The New York Times–bestselling, National Book Award–winning author of The Friend and What Are You Going Through brings her singular voice to a story about modern life and connection

“I am committed, until one of us dies, to Nunez’s novels. I find them ideal. They are short, wise, provocative, funny — good and strong company.” Dwight Garner, The New York Times

“With the intimacy and humor of a great conversation, this novel makes you feel smarter and more alive.” People Magazine

“An ode to our basic need to connect with other beings, be they human or animal, even in a global crisis that told us to stay apart.” NPR


Elegy plus comedy is the only way to express how we live in the world today, says a character in Sigrid Nunez’s ninth novel. The Vulnerables offers a meditation on our contemporary era, as a solitary female narrator asks what it means to be alive at this complex moment in history and considers how our present reality affects the way a person looks back on her past.

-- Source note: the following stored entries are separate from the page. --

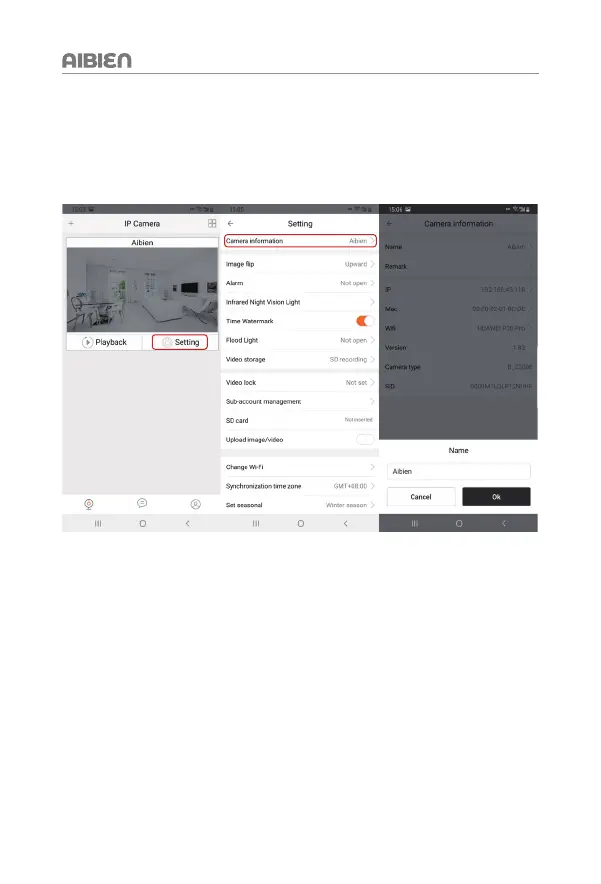 1. Click 'Setting' > 'Camera information' > 'Name'.
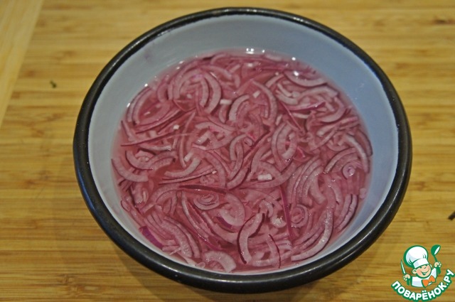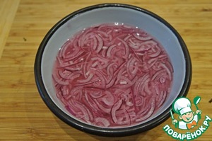 Лук очистить и нашинковать тонкими полукольцами. Замариновать воде с уксусом, солью и сахаром. Маринад должен быть кисло-сладким.
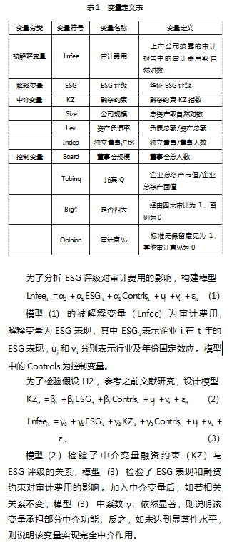 关键词:审计费用;ESG表现;融资约束;中介作用
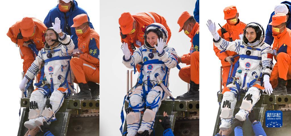 4月16日,神舟十三號載人飛船返回艙在東風著陸場成功著陸。這是航天員翟志剛、王亞平、葉光富(左至右)安全順利出艙(拼版照片)。新華社發(fā)
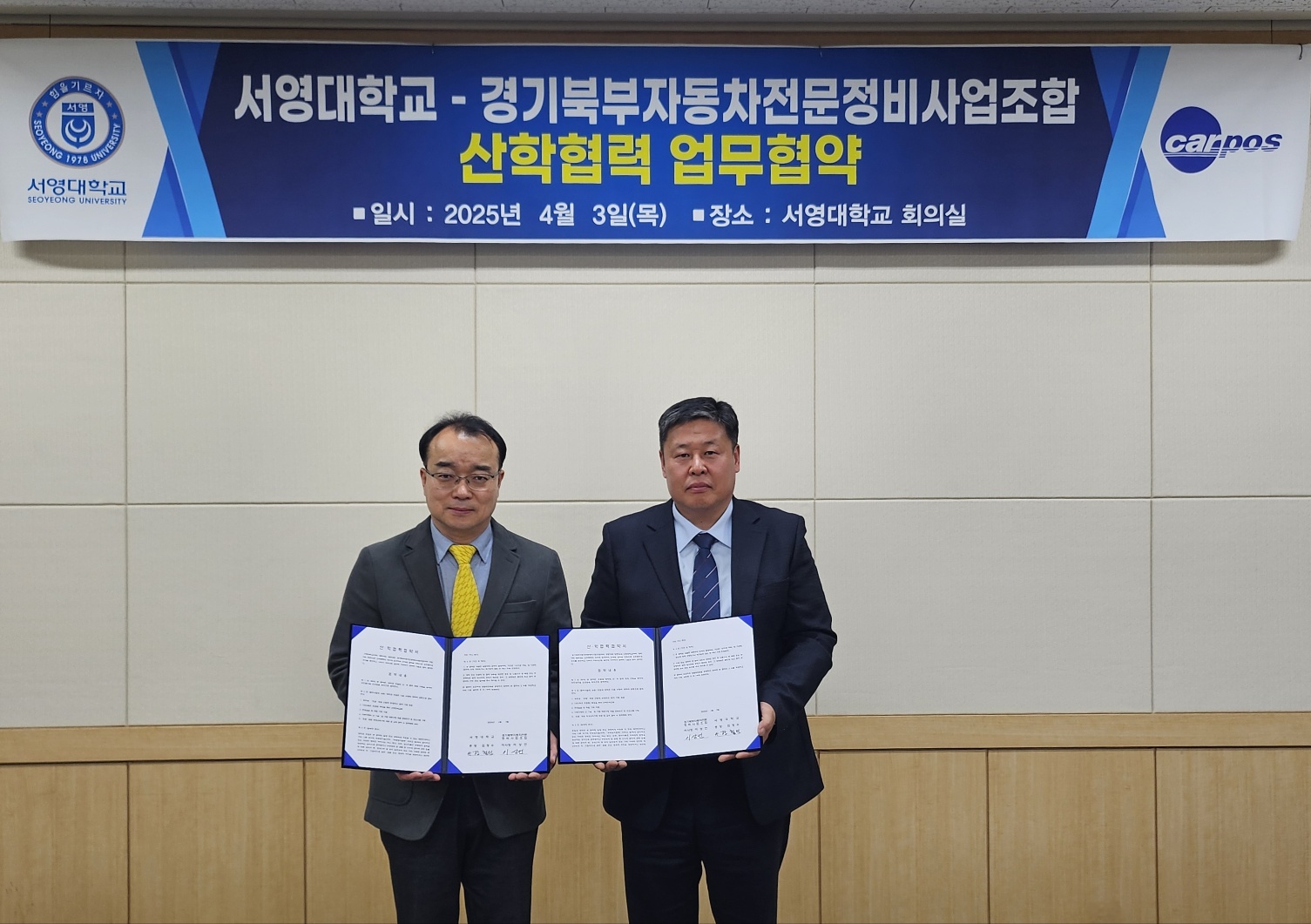 서영대학교 미래자동차과는 43() 경기북부자동차전문정비사업조합과 산학협약을 체결하고 미래 자동차 분야의 우수 인재 양성을 위한 협력 관계를 구축하였습니다.

Humor, to be sure, is a priceless refuge. Equally vital is connection with others, who here include an adrift member of Gen Z and a spirited parrot named Eureka. The Vulnerables reveals what happens when strangers are willing to open their hearts to each other and how far even small acts of caring can go to ease another’s distress. A search for understanding about some of the most critical matters of our time, Nunez’s new novel is also an inquiry into the nature and purpose of writing itself.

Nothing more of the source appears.